Ion exchange membranes are the core materials of fuel cells, flow cells, and hydrogen production through electrolysis of water. Currently, the widely used Nafion membrane has high costs, which greatly limits the development of related industries. Taking all vanadium flow batteries as an example, the cost reduction of proton exchange membrane materials in all vanadium flow batteries is of great significance for the overall system cost reduction and the development and application of all vanadium flow batteries in the commercialization process.

In previous articles, we have introduced a hot topic of non fluorinated proton exchange membranes - polybenzimidazole membranes (PBI membranes). Non fluorinated proton exchange membranes have gained widespread attention due to their low cost. This article will introduce another important type of non fluorinated proton exchange membrane - polyether ether ketone membranes (PEEK membranes) and sulfonation methods of polyether ether ketone membranes. After sulfonation, a sulfonated polyether ether ketone membrane (SPEEK membrane) with improved proton exchange capacity can be obtained. Based on this, it is further modified to obtain a more superior performance non fluorinated proton exchange membrane. The modification method is similar to that of PBI membrane, which can be achieved through various methods such as blending, hybridization, and filling. The following figure shows the common SPEEK membrane structure.

Common SPEEK membrane structures

SPEEK membrane is a sulfonated aromatic main chain polymer that promotes its proton exchange ability by introducing sulfonic acid ions into the PEEK membrane, which can to some extent replace Nafion. However, compared with Nafion, its expansion is greater, which leads to an increase in vanadium ion transmittance, resulting in a mixture of positive and negative electrolyte ions, resulting in reduced capacity and failure.

L ü Teng used methyl hydroquinone and 4,4 '- difluorodibenzophenone as raw materials, and reacted in an alkaline environment (provided by K2CO3) at 170 ℃ to produce methyl containing polyether ether ketone (MPEEK). Further sulfonate it to obtain sulfonated polyether ether ketone membranes with different degrees of sulfonation. It was found that due to the presence of strong hydrophilic groups (sulfonic acid groups) in the sulfonated SPEEK membrane, the water absorption rate and swelling of SPEEK-x increase with the increase of sulfonation degree in the membrane, and the permeability of vanadium ions also increases. Cyclic testing was conducted on the battery, and at a current density of 60 mA cm-2, the energy efficiency of VRFB assembled with SPEEK-75 film was the best, reaching 64.7%. The VRFB assembled with SPEEK-100 has the highest output power density of 300mW cm-2. In addition, Lv Teng also used the prepared MPEEK to react with N-methylimidazole to obtain imidazole functionalized polyether ether ketone (ImPEEK).
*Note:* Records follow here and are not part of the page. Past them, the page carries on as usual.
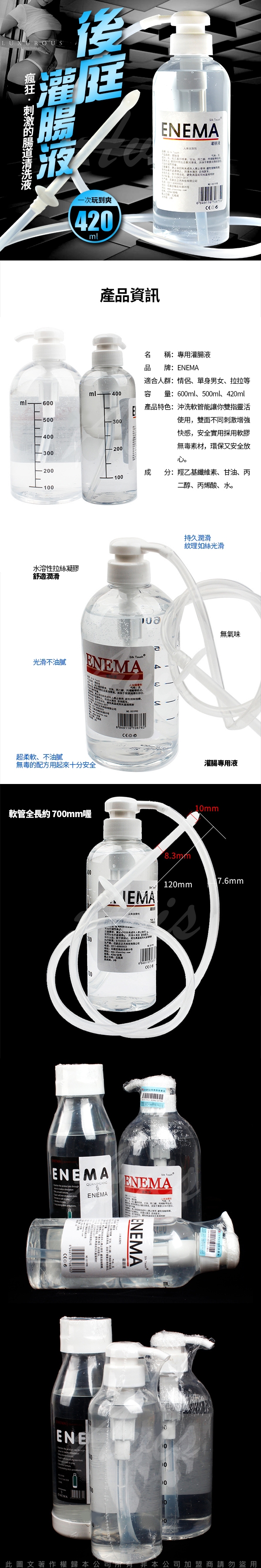 商品詳細介紹 沖洗軟管能讓你雙指靈活使用雙面不同刺激增強快感,安全實用採用軟膠無毒素材,環保又安全放心水溶性拉絲凝膠,舒適潤滑,光滑不油膩 【注意事項】 1、本商品僅供情侶間使用,使用前後請注意清潔衛生 2、請務必在安全、自願、愉悅的前提下謹慎使用【清洗注意事項】 1、本商品使用前以中性清潔劑清洗,切勿以揮發性之清潔劑擦拭【收納注意事項】 1、本商品請收納於陰涼之處所,避免陽光直接曝曬、高溫、潮濕之處所 2、用後請清洗並擦拭後再進行收.商品內容:ENEMA 後庭肛交情趣 灌腸液 潤滑液 420ml.商品尺寸/容量:軟管全長約700mm/420ml ★本產品為個人私密性用品,一經〝拆封〞或〝使用〞即無法接受退換貨,不便之處敬請見諒★★本商出貨時皆以隱密之包裝方式出貨,外包裝不會出現任何情趣商品字樣,敬請安心選購★ 使用方法說明 無 注意事項 無
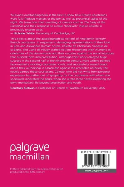 'Sullivan's outstanding book is the first to show how French courtesans were fully-fledged masters of the pen as well as proverbial ladies of the night. We learn how their rewriting of classics such as The Lady of the Camellias and their response to a male "backlash" inspire Colette in previously unseen ways.' - Nicholas White, University of Cambridge, UK
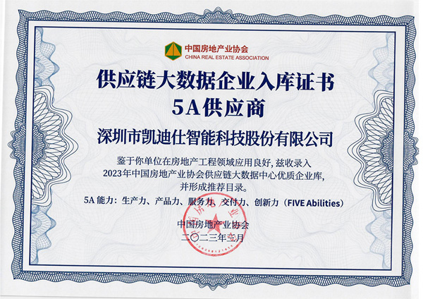 與此同時(shí),凱迪仕同步被收錄2023年中國房地產(chǎn)業(yè)協(xié)會5A供應(yīng)商企業(yè)庫(5A,即生產(chǎn)力、產(chǎn)品力、服務(wù)力、交付力、創(chuàng)新力),品牌在工程市場的優(yōu)異表現(xiàn)備受行業(yè)權(quán)威肯定。
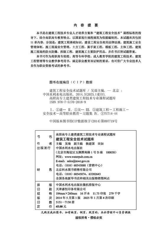 建筑工程安全技术试题库(高职高专土建类建筑工程技术专业课程试题库)
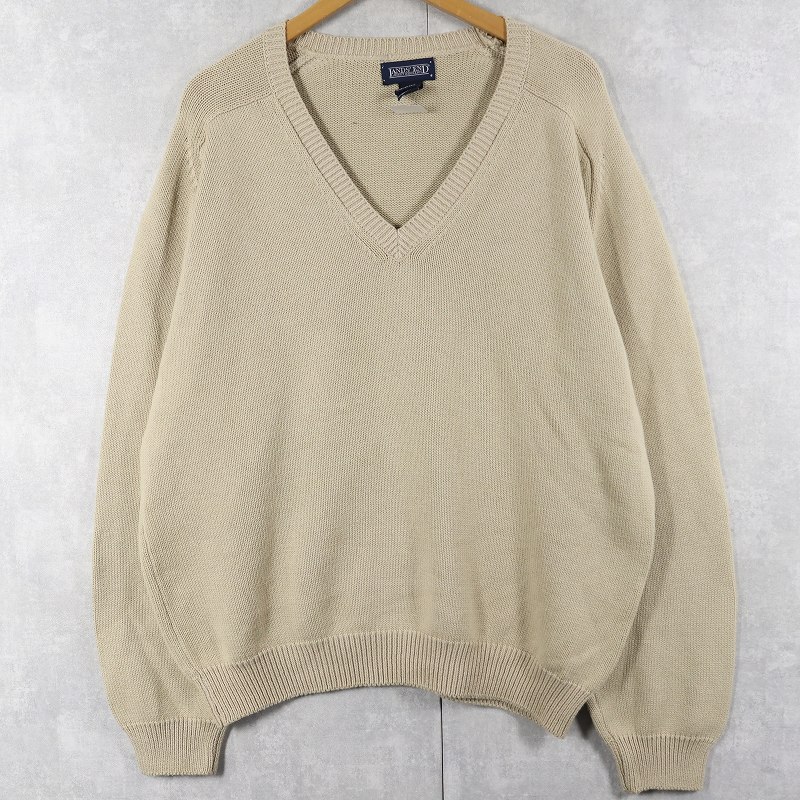 90’s LANDS’END USA製 Vネック コットンニットセーター L
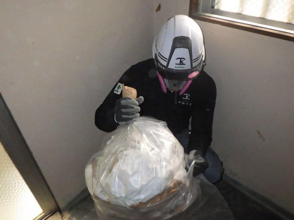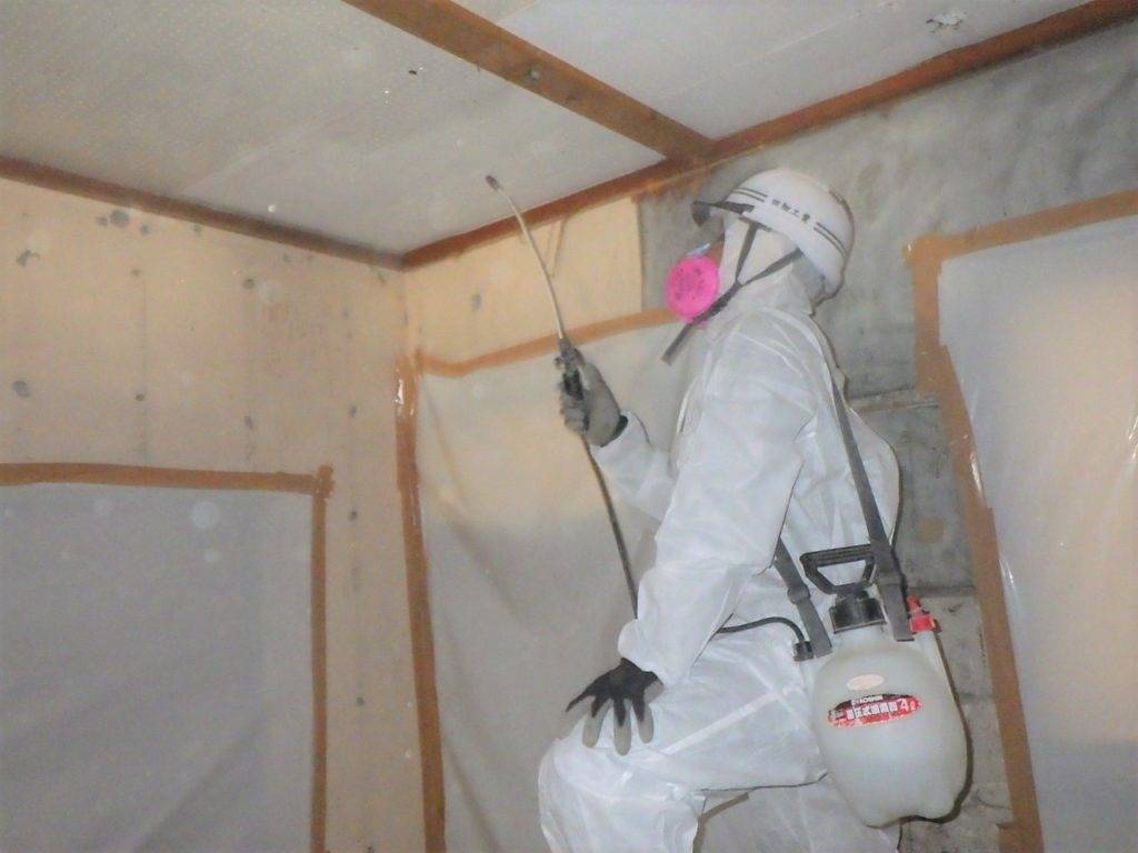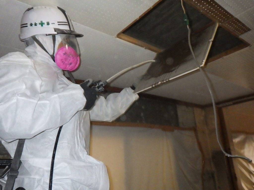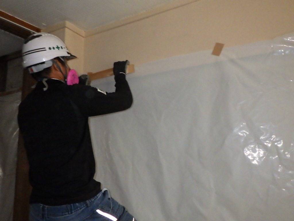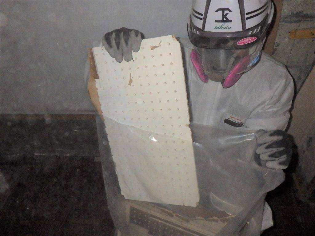 那覇市久茂地S様邸解体工事 (天井材:フレキシブルボード撤去) 2023/03/01 施工前 養生状況 養生完了 湿潤状況 撤去状況 清掃状況・拭き取り 含有建材袋詰め一重目・二重目 養生撤去状況 養生材袋詰め一重目・二重目 最終清掃 施工完了
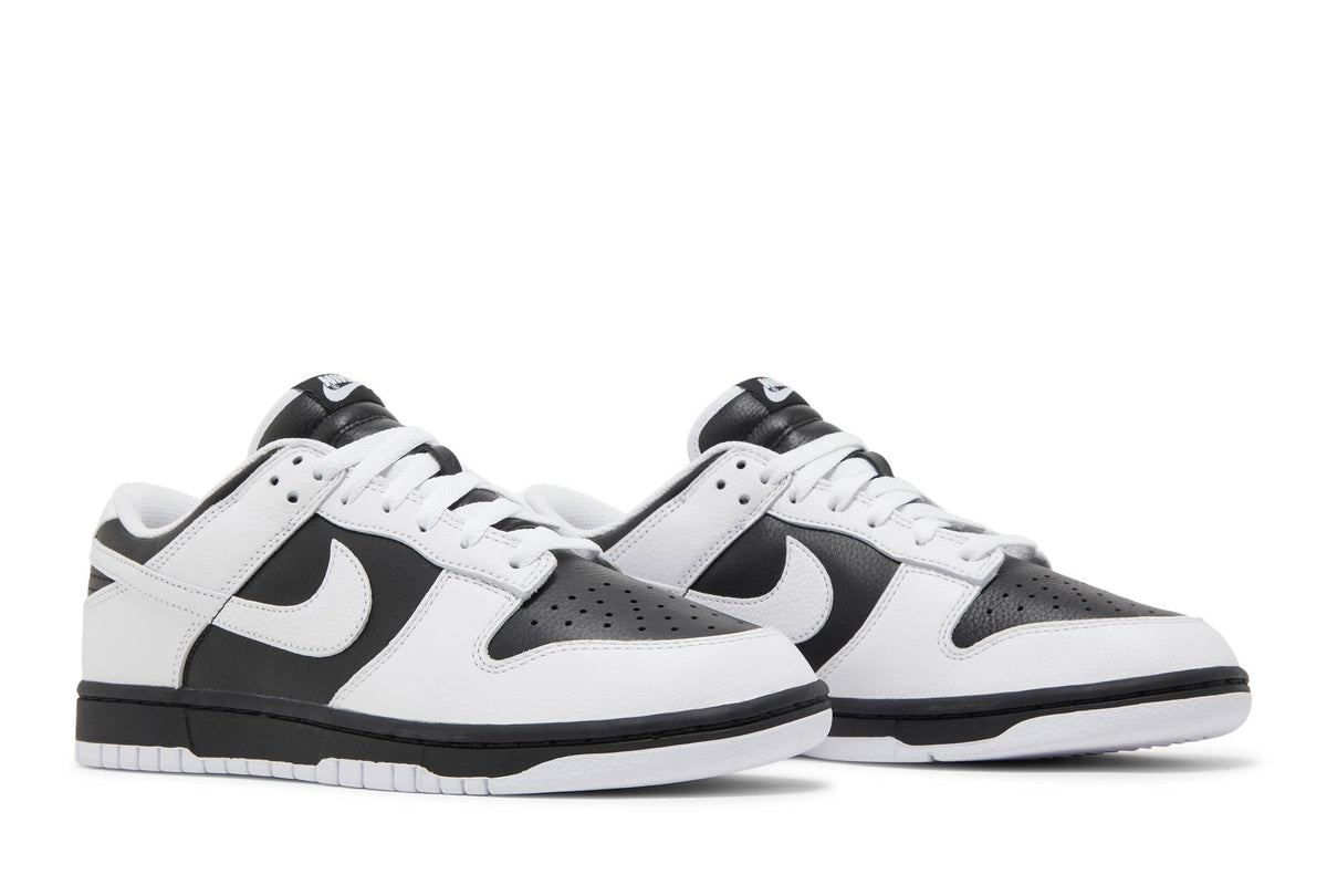 Introducing the Nike Dunk Low Reverse Panda sneakers. These stylish and comfortable Nike sneakers feature a sleek black and white color scheme, with a black upper and white accents. With their low-top design and durable construction, these sneakers are perfect for everyday wear. Elevate your sneaker game with the Nike Dunk Low Reverse Panda.

SPEEK was blended with ImPEEK to obtain a zwitterionic ion exchange membrane. It was found that the vanadium ion permeation of SPEEK/ImPEEK-25 and SPEEK/ImPEEK-50 was negligible compared to Nafion212 and SPEEK membranes, effectively reducing cross contamination between electrolytes and improving battery efficiency. At a current density of 60 mA cm-2, the VRFB assembled with SPEEK/ImPEEK-90 exhibits the best performance, with Coulombic efficiency, voltage efficiency, and energy efficiency of 98.8%, 75.6%, and 74.5%, respectively. In addition, the maximum power density of the VRFB assembled with SPEEK/ImPEEK-90 is 150m W cm-2. The research results indicate that the zwitterionic ion exchange membrane with PEEK as the main chain has good application prospects in liquid flow batteries [1].

Song Xun et al. synthesized a bisphenol type polyether ether ketone polymer using bisphenol fluorene as the structural unit. The polyether ether ketone was sulfonated with concentrated sulfuric acid to introduce sulfonation groups into the bisphenol fluorene structural unit to prepare a polyether ether ketone proton exchange membrane (SF-PEEK). The research results indicate that sulfonic acid groups have been successfully introduced onto the side groups of polyether ether ketone, and the SF-PEEK membrane exhibits a clear hydrophilic and hydrophobic microphase separation morphology. Sulfonic acid groups aggregate to form ion channels. When the ion exchange capacity (IEC) of SF-PEEK membrane reaches 1.97 mmol/g, its conductivity reaches 4.15 × 10-2 S/cm, slightly lower than the 5.67 × 10-2S/cm of Nafion117 membrane, but its vanadium ion permeability is only 20.1% of Nafion117 membrane, showing excellent ion selectivity. In vanadium current battery testing, the Coulombic efficiency of SF-PEEK membrane was higher than that of Nafion117 membrane at different current densities. Among them, the energy efficiency of SF80-PEEK608 with an IEC of 1.97 mmol/g (80 is the mass fraction of SF, 608 is the reaction time at 60 ℃ for 8 hours) reached its maximum value of 80.9% at a current density of 40 mA/cm2, which is higher than that of Nafion117 membrane at 78.8%. In the self discharge test, the self discharge time of the battery assembled with SF80-PEEK608 film is 90 hours, which is higher than the 57h of Nafion117 film [2].

Lin Xingxing synthesized polyether ether ketone (PEEK) with benzimidazole bisphenol (HPBI) and 2,2-di (4-hydroxyphenyl) propane (BPA) via condensation polymerization of difluorodiphenylketone monomer (DFK), and obtained sulfonated polyether ether ketone with benzimidazole structure and adjustable content. Its research found that PEEK alt-BI/SPEEK blend membranes have high ion exchange capacity and stable size. In addition, it synthesized sulfonated poly (hexafluoroether ketone x% benzimidazole) through nucleophilic copolymerization using difluorodiphenylketone/sulfonated difluorodiphenylketone and hexafluorobisphenol A/HPBI as raw materials. The results indicate that the sulfonated poly (hexafluoroether ketone x% benzimidazole) synthesized by it exhibits strong acid-base interactions within and between molecules, which enhance the mechanical strength and dimensional stability of the polymer film. The water absorption and swelling rates of 60SPEEK-AF-10% BI membrane at 80 ℃ are 33.5% and 9.3%, respectively, which are significantly lower than the 558.3% and 85.5% of 60SPEEK-AF. In addition, the introduction of benzimidazole structural units can improve the thermal and chemical stability of sulfonated membranes [3].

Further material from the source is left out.